Of course it's extremely upsetting when children are the victims, but the cases I find really disturbing are the ones where children are the perpetrators.
These are perhaps the two most infamous:
Sakakibara Seito :
http://en.wikipedia.org/wiki/Sakakibara_SeitoOn May 27 1997 the head of Jun Hase, a special education student at Tainohata Elementary School, was found in front of the school gate hours before students arrived for classes. Hase had been beheaded with a hand saw. A note, written in red pen, was found stuffed in his mouth. The nation was shocked when, on June 28, a 14-year-old junior high school student known only as "Shonen A" was arrested as a suspect. Shortly after his arrest, "Boy A" also confessed to the hammer-murder of 10-year-old Ayaka Yamashita, and assaults on three other girls. Boy A became eligible for parole in 2004 and was freed in 2005.
Nevada-tan :
http://en.wikipedia.org/wiki/Nevada-tanNevada-tan is the Internet moniker of the 11-year-old schoolgirl who, on June 1 2004, murdered her 12-year-old former best friend, Satomi Mitarai, in an empty classroom during the lunch hour at Okubo Elementary School in Sasebo, Nagasaki. After slashing Mitarai's throat with a box-cutter knife she left the murder scene and returned to her own classroom, her clothes covered in blood.

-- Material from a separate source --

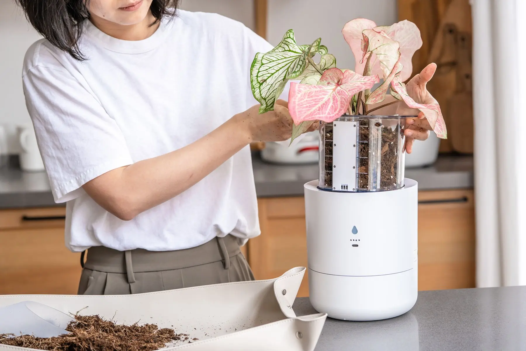 The circular "sprinkle and drain" mechanism is clever. Water distributes from the top, mimicking natural rainfall, then excess drains back into the reservoir through a multilayer filter system. This prevents the soggy-bottom-soil problem that kills more plants than underwatering. After a few weeks, the soil stays consistently moist but never waterlogged—you can feel the difference when you touch it.

The girls' teacher, who had noticed that both were missing, found the body and called the police.
But there have been others:
The high school girl who took an axe to her sleeping policeman father.
The 12-year-old boy who forced an 11-year-old boy to strip naked, then pushed him from the top of a multi-storey car-park.
And the son of a dentist who killed his older actress/model sister when she teased him about his poor grades. (The way he mutilated her body has led some to suppose that his interest in her was more than just filial).
With my own eyes I have seen a young man draw a knife on two female clerks who tried to stop him leaving a drugstore with an armload of what looked like Chinese medicines. (He ran away, and no-one was hurt). And, amongst other problems the area has had, there was recently a string of muggings of foreign tourists in Akihabara.
And don't start me talking about rape. This is a country where, according to urban legend, a young girl can be attacked on a moving train while 20 or more other passengers just sit by and do nothing.
You can talk about the causes of these crimes, and the merits and demerits of the penal system, if you want to. It has not been my purpose to start or enter into such a discussion here, just to present you with some facts. Me, I stand firmly for freedom of expression, and I believe that those who have received the Death Penalty thoroughly deserved it. Some of these people, I would happily throw the switch myself.
Others, I feel sorry for ...
http://i70.photobucket.com/albums/i85/A ... adatan.jpgInb4 "Amerika is worse",
LOL, Japan! Statistically, one of the safest countries in the world.
(My thanks to all the writers whose work I have shamelessly plundered,
and sincere apologies to any murderers I may have inadvertantly forgotten).